Abstract

Objectives: Sleep disturbance is common in older adults and is one of the most frequent symptoms observed in older adults with Mild Cognitive Impairment (MCI). Older adults in residential care settings are more likely to suffer from psychiatric, medical and cognitive (i.e., MCI) impairments than those still independent in the community. Interventions targeting insomnia are ideal given the evidence that treatments are very successful for a broad range of individuals; improvements have the potential to broadly impact public health; and further, sleep represents a modifiable risk factor for a range of other disorders, such as declining cognition, depression, and functional impairment. What remains to be established is whether or not established treatments, specifically Cognitive Behavioral Therapy for insomnia (CBT-I), can be successfully used with older individuals who have both impaired sleep and MCI. This study aims to test whether CBT-I is effective in improving the sleep of older adults with insomnia and mild cognitive impairment.

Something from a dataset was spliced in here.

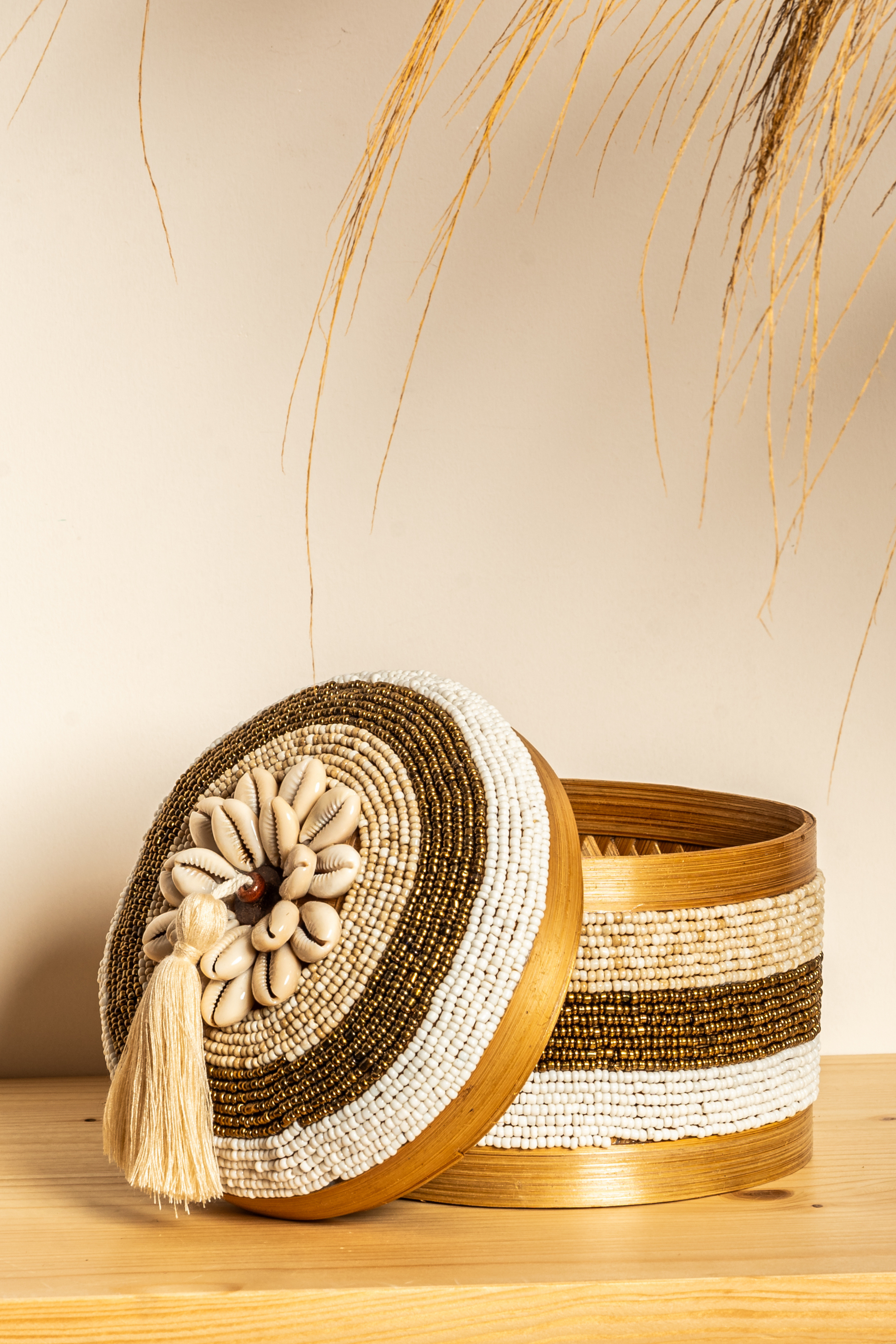 Diese hübsche Schachtel kann als Behälter oder einfach als Dekorationsartikel verwendet werden und bringt mit Sicherheit einen böhmischen Touch in Ihr Zuhause.

Methods: A six-session, adapted version of a cognitive behavioral intervention for insomnia was administered to older adults (N=28) across two residential facilities. Participants were randomly assigned to either the sleep intervention or an active control group.

Results: The intervention had a highly significant (Cohen’s d ≥ 1.9, p<0.001) effect of improving sleep outcomes for 4 of the 5 outcome variables at both follow up time points, measured by actigraphy.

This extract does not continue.